Patient Story
Heart Transplant: Wilfre's Story
Patient Story Highlights
- Wilfre was admitted to the Emergency Center at Johns Hopkins all Children's Hospital and put on ECMO life support.
- The Heart Institute and Heart Transplant Program were key in helping him get a match for a new heart.
- Wilfre has monthly follow-up visits to the Pediatric Heart Transplant Program clinic.
It was a dream come true for 15-year-old Wilfre: making the varsity soccer team as a freshman last fall.
But just over a year ago, that hope was looking bleak for the soccer star. His life was on the line.
A week before Christmas of 2020, the Pinellas Park teen entered the Emergency Center at Johns Hopkins All Children's Hospital. The seemingly healthy 15-year-old took a turn for the worse and suddenly needed the most aggressive form of life support called extracorporeal membrane oxygenation (ECMO).
His heart was failing him. Time was of the essence.
“I couldn’t breathe well. I had been throwing up and had diarrhea,” recalls Wilfre. “I was really sick.”
Meagan King, R.N., and Daren D. Coleman, a pediatric paramedic, immediately noted an elevated and rapid heart rate with an abnormal rhythm, low temperature and rapid breathing.
That prompted Danielle Hirsch, M.D., an emergency medicine physician in the Johns Hopkins All Children’s Hospital Emergency Center (EC) on duty that day, to order a chest X-ray and an electrocardiogram (EKG).
“The results showed his heart was big and it was not functioning normally,” Hirsch says. “His vital signs were becoming more unstable.”
He went into cardiac arrest for two minutes. The EC team stabilized his heart rhythm, while the pediatric cardiology team and cardiovascular intensive care unit (CVICU) teams were on standby to work hand-in-hand in Wilfre’s care. Cardiac surgeons swiftly placed Wilfre on ECMO to keep him alive.
“It felt like the world stopped — the moment was very terrible for me,” says Wilfre’s mom, Maria.
He wasn’t out of the woods yet, but the CVICU team, under the direction of cardiac surgeon James Quintessenza, M.D. now had him under their care and watchful eye.
“The walls get thin and the heart chambers enlarge. That’s a function of deterioration of the heart,” explains Quintessenza, who is co-director of the Johns Hopkins All Children’s Heart Institute. “It looked like it had been going for days, weeks, maybe months, but Wilfre hit a critical point where his heart just couldn’t keep up.”
Wilfre was converted from ECMO to an artificial pump to support his left ventricle, which was the identified problem area. He stayed on this for 10 days and received an echocardiogram every other day in which the pump was turned off to see how his heart was functioning by itself. It was a waiting game to see if his heart would bounce back.

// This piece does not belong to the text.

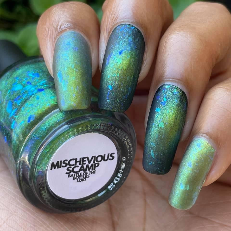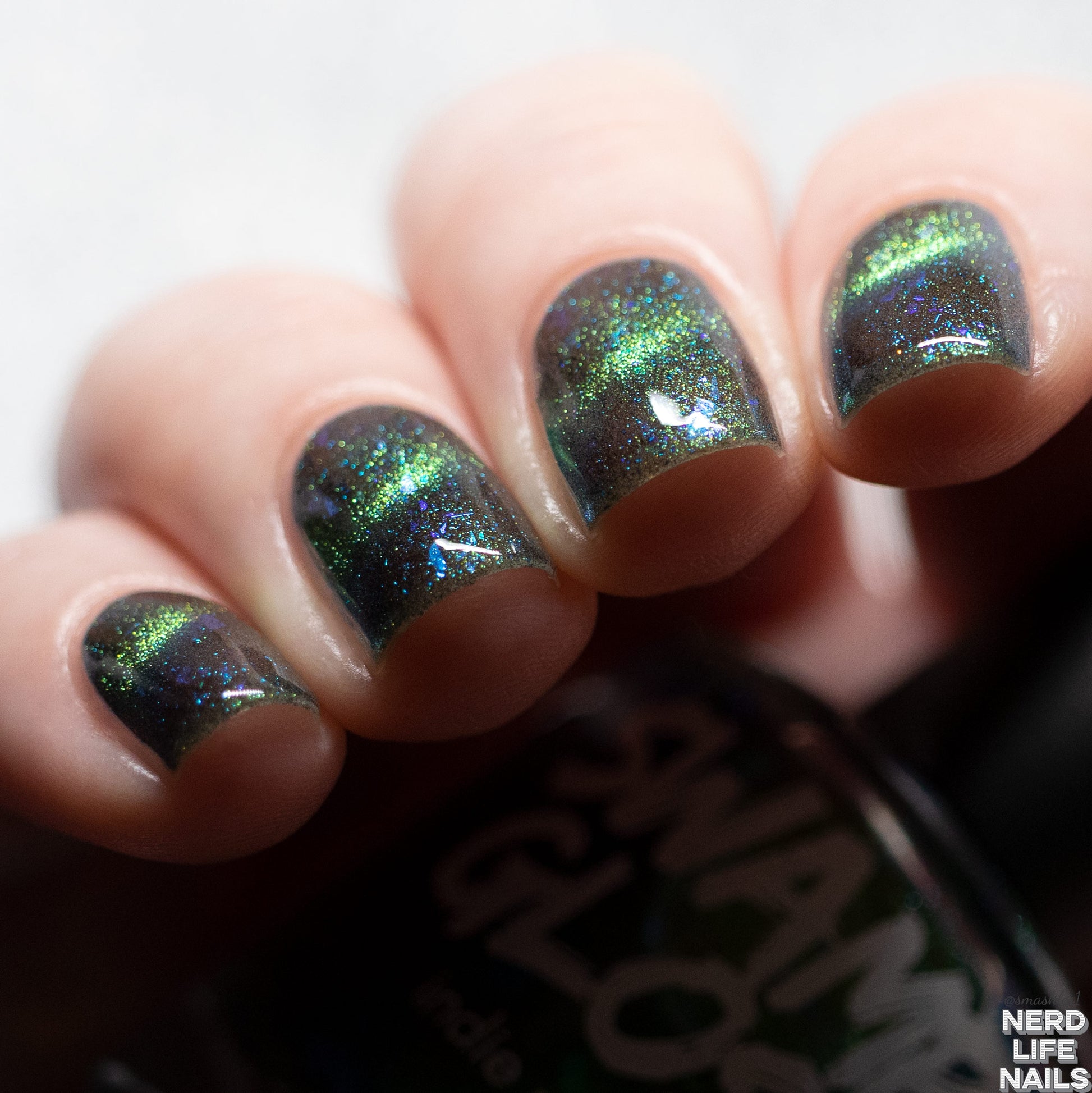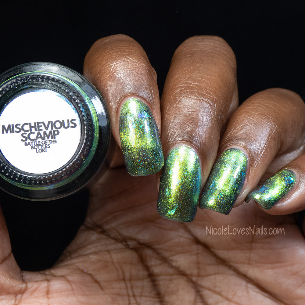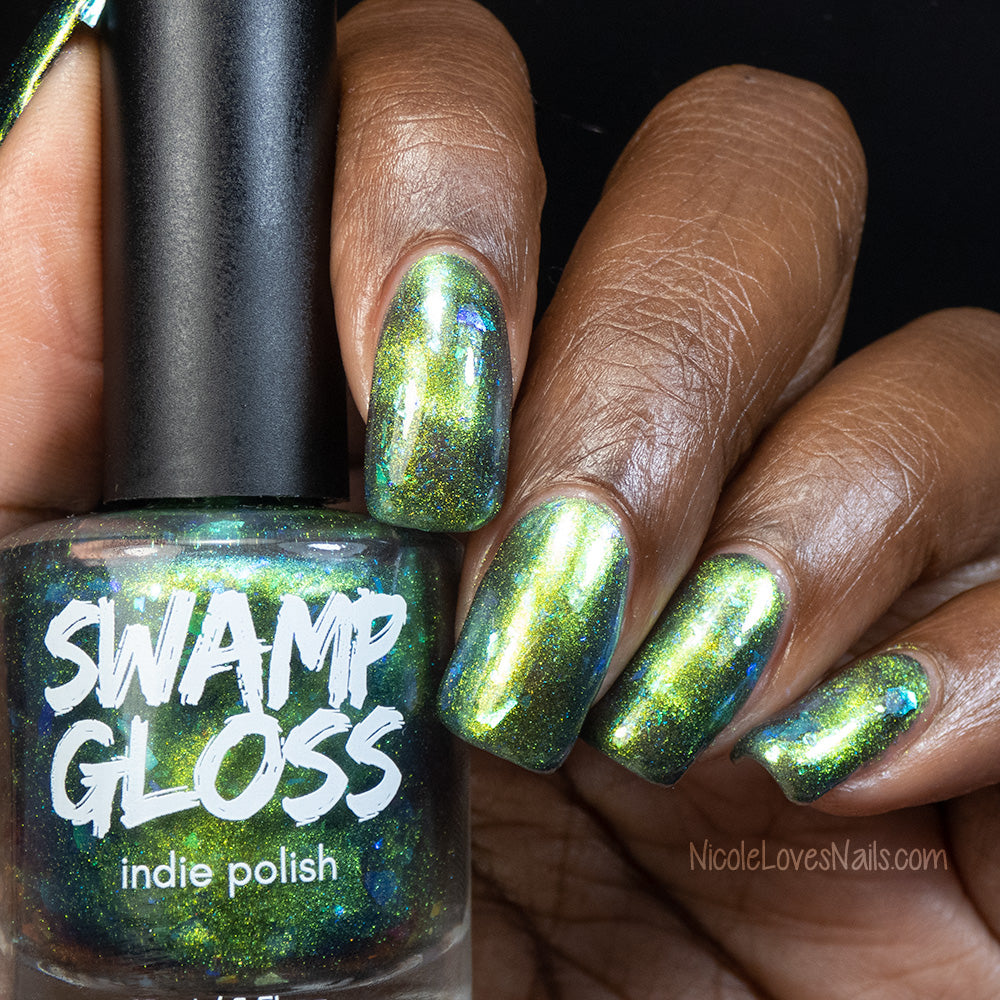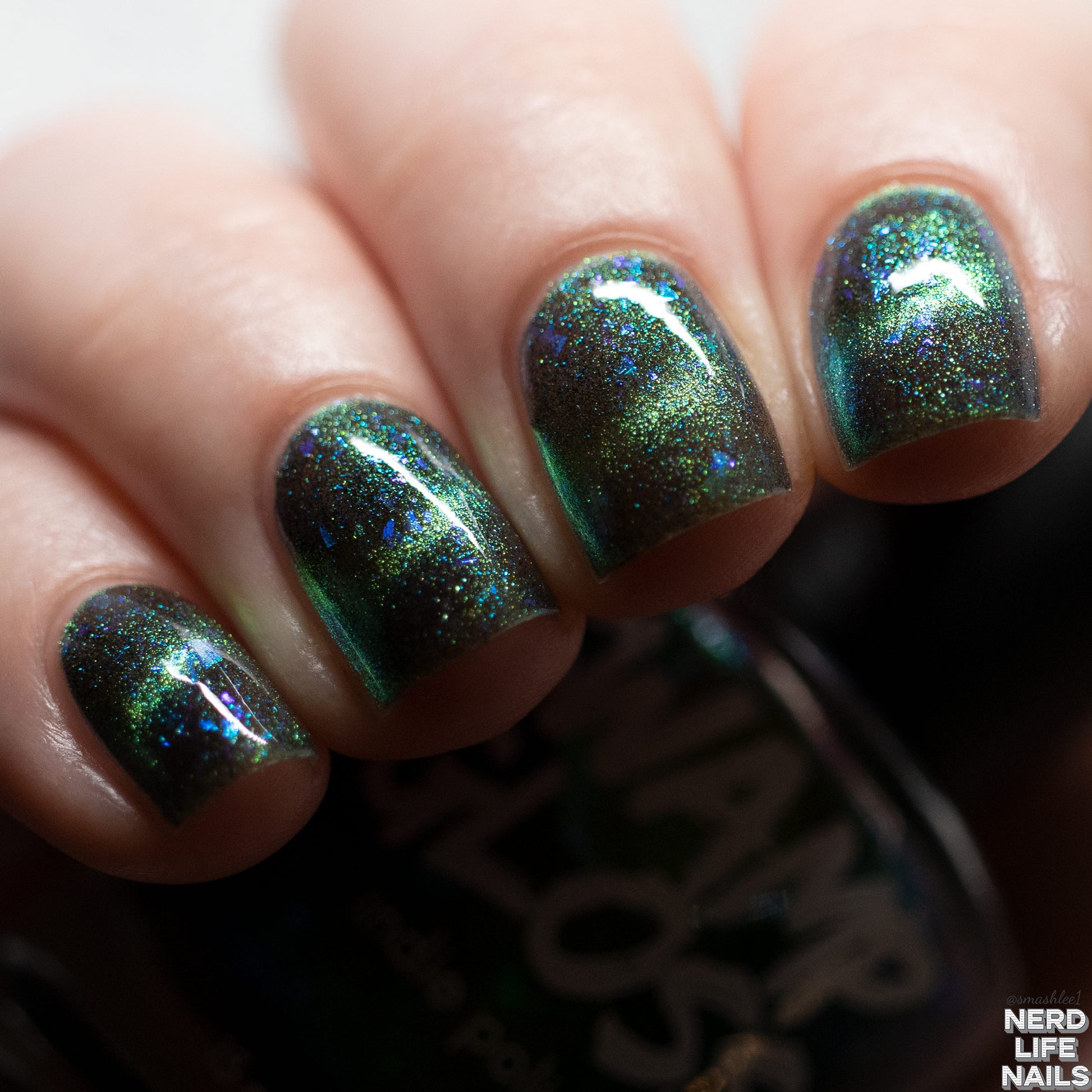 a multichrome magnetic, shifts of gold green, emerald and blue with metallic micro flakes and iridescent colorshifting flake

“We gave that heart a good chance of getting better, but it just never quite looked like it was going to,” Quintessenza says. “But all of the parts of the Heart Institute and heart transplant program were in place. There’s a whole village involved.”
Within four days, Wilfre had a match. On Jan. 6, 2021, after about four hours in the operating room, Wilfre had his new heart and a second chance at life. A few days later, he was passing a soccer ball in the hallway of the CVICU with the very doctors who saved his life.
“It was truly incredible to see him kicking the soccer ball a few weeks after he was literally a heartbeat away from not being with us,” says Quintessenza.
Today, Wilfre is doing great with no symptoms and is back on the soccer field playing varsity soccer at Dixie Hollins High School. The sport has been his passion since he was 7 years old, and it’s a big part of his life.
Currently, Wilfre has monthly follow-up visits to the Pediatric Heart Transplant Program clinic with Alfred Asante-Korang, M.D., FACC, a pediatric cardiologist who has cared for patients post-heart transplant for more than 20 years. Heart transplants involve lifelong follow-up care, but in time, the appointments become less frequent.
“Wilfre is the perfect transplant patient who takes his transplant medications without fail, and he is now only taking four medications,” Asante-Korang says. “The entire transplant team loves him, and he brings joy to our faces when we see him.”
As for the Emergency Center team of physicians, nurses, paramedics, residents, pharmacists who sprang into action as Wilfre stepped through the door, they are overjoyed to see him running on the soccer field again.
“Wilfre is a kid that I will never forget,” Hirsch says. “He is truly an amazing individual who has overcome great obstacles, and I hope he continues to do amazing things in his future knowing he can overcome anything after what he experienced.”
Wilfre will soon have a cardiac catheterization and biopsy, and if he continues on his current trajectory, his heart is expected to last well into mid-adulthood.
“I am happy to be alive with a brand-new heart,” Wilfre says.